Binary audio plugin for hivemind-core.

Adds server-side WakeWord detection, VAD, STT, and TTS to a hivemind-core hub so that lightweight satellites (e.g. hivemind-mic-satellite) can stream raw audio and receive transcriptions or synthesised speech without running those models locally.

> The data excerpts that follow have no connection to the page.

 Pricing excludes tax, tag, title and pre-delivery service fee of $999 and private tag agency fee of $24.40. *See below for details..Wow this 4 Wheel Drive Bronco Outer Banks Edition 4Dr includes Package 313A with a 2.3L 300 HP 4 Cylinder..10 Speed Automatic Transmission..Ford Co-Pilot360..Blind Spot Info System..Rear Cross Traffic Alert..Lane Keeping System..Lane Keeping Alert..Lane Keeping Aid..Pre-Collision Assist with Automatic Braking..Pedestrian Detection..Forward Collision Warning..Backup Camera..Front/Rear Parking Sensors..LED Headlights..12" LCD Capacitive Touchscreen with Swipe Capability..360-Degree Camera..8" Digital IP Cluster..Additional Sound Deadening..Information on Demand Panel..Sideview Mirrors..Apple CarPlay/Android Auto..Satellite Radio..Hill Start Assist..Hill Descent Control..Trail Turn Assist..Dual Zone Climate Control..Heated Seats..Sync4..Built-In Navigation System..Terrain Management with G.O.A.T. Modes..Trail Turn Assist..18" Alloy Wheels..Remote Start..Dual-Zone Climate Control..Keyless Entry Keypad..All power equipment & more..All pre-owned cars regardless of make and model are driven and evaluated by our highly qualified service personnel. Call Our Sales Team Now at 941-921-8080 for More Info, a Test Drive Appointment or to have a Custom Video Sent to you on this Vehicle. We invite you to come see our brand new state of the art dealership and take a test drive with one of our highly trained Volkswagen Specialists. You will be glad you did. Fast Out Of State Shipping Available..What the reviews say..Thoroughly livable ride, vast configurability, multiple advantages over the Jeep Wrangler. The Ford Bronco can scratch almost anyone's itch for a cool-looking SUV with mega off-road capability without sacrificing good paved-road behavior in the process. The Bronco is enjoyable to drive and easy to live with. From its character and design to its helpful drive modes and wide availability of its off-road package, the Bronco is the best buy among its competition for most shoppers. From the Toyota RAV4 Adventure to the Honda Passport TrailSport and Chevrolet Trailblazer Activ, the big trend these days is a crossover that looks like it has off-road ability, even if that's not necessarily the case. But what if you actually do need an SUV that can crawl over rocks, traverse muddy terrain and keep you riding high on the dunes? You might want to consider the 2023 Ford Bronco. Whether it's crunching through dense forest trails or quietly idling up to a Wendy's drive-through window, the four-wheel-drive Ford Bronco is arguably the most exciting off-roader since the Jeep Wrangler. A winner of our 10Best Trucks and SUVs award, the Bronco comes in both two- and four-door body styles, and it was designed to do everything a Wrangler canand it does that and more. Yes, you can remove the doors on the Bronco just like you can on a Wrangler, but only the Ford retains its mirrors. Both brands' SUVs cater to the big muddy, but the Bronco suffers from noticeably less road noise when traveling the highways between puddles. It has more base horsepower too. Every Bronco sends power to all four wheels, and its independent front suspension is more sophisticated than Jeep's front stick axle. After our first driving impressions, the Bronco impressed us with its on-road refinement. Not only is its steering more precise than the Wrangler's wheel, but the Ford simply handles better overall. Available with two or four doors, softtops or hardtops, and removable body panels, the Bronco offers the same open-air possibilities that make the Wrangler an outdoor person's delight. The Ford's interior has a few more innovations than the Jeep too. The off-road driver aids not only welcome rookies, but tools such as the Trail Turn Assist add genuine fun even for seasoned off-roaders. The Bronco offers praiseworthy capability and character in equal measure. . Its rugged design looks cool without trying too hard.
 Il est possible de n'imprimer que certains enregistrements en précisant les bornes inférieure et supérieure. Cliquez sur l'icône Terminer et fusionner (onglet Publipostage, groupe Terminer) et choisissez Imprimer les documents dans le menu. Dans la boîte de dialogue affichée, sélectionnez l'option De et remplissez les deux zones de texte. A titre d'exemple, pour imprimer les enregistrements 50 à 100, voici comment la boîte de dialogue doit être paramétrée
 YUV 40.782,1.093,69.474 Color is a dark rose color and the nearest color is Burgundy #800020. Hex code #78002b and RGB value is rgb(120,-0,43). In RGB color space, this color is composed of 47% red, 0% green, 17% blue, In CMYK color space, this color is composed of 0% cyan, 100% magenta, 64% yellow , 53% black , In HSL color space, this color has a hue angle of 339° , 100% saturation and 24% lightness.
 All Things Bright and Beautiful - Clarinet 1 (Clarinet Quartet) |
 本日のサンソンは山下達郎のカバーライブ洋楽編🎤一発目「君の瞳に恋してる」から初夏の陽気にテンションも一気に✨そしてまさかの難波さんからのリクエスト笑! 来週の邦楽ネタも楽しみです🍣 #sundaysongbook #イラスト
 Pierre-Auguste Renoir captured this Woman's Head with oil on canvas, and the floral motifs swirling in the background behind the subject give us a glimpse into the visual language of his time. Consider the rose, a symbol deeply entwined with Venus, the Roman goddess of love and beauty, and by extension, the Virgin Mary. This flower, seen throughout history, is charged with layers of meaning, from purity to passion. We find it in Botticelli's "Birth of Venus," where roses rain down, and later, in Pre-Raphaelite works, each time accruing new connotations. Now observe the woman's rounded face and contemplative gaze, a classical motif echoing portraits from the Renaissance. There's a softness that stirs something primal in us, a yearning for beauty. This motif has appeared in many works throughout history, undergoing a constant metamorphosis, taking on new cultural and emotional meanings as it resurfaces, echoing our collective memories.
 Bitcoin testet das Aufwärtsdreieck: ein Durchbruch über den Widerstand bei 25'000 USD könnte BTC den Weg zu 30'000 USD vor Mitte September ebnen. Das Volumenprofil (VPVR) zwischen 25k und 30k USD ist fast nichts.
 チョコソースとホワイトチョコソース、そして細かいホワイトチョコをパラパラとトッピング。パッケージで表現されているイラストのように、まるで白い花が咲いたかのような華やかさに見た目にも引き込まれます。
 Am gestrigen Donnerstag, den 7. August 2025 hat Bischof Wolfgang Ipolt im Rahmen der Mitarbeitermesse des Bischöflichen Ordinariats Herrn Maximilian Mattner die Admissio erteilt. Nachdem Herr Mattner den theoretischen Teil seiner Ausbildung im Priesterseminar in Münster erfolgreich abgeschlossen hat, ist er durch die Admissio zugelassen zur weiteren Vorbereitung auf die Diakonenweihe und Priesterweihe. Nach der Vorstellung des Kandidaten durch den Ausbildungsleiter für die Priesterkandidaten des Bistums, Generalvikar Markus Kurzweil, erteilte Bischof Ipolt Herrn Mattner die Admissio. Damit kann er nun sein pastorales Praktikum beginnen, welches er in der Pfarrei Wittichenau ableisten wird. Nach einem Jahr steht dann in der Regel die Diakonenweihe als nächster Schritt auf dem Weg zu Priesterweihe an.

This plugin is the direct replacement for the old "HiveMind-listener" proof-of-concept.

Where it fits

hivemind-core
  └── hivemind-plugin-manager  (BinaryDataHandlerFactory loads plugins by entry-point)
        └── hivemind-audio-binary-protocol  ← this repo
              ├── ovos-simple-listener  (WakeWord + VAD + STT pipeline)
              └── OVOSTTSFactory / OVOSSTTFactory / OVOSVADFactory / OVOSWakeWordFactory

The plugin registers under the hivemind.binary.protocol entry-point group as hivemind-audio-binary-protocol-plugin.

Install

pip install hivemind-audio-binary-protocol

You also need OVOS STT, TTS, VAD, and WakeWord plugins. Install them as you would in a standard OVOS setup:

pip install ovos-stt-plugin-server ovos-tts-plugin-piper ovos-vad-plugin-silero \
            ovos-ww-plugin-precise-lite

Quickstart

Add the binary_protocol block to ~/.config/hivemind-core/server.json:

{
  "binary_protocol": {
    "module": "hivemind-audio-binary-protocol-plugin",
    "hivemind-audio-binary-protocol-plugin": {
      "stt": {
        "module": "ovos-stt-plugin-server",
        "ovos-stt-plugin-server": {"url": "https://stt.openvoiceos.org"}
      },
      "tts": {
        "module": "ovos-tts-plugin-piper",
        "ovos-tts-plugin-piper": {"voice": "en_US-lessac-medium"}
      },
      "vad": {
        "module": "ovos-vad-plugin-silero"
      },
      "wake_word": "hey_mycroft",
      "hotwords": {
        "hey_mycroft": {
          "module": "ovos-ww-plugin-precise-lite",
          "model": "https://github.com/OpenVoiceOS/precise-lite-models/raw/master/wakewords/en/hey_mycroft.tflite"
        }
      }
    }
  }
}

Then start hivemind-core with the listen subcommand:

hivemind-core listen

Audio streaming modes

This plugin handles three distinct binary audio flows:

Mode Client sends Hub returns Use case
Microphone stream Raw PCM audio chunks Bus messages (wakeword/utterance events) Mic satellite; hub does all pipeline processing
STT transcription Raw PCM audio recognizer_loop:transcribe.response Client wants transcription without triggering skills
STT handle Raw PCM audio Triggers recognizer_loop:utterance on the bus Client wants the hub to handle the utterance

TTS is triggered by the bus (speak:synth or speak:b64_audio) and returns binary WAV audio or a Base64-encoded string back to the client.

Configuration reference

The plugin's config block mirrors the OVOS plugin config convention. Each sub-plugin (stt, tts, vad) takes its standard OVOS config:

Key Description
stt STT plugin config. module selects the OVOS STT plugin.
tts TTS plugin config. module selects the OVOS TTS plugin.
vad VAD plugin config. module selects the OVOS VAD plugin.
wake_word WakeWord name (key into hotwords).
hotwords Dict of wakeword configurations, keyed by wakeword name.
utterance_transformers List of OVOS utterance transformer plugin names.
dialog_transformers List of OVOS dialog transformer plugin names.
metadata_transformers List of OVOS metadata transformer plugin names.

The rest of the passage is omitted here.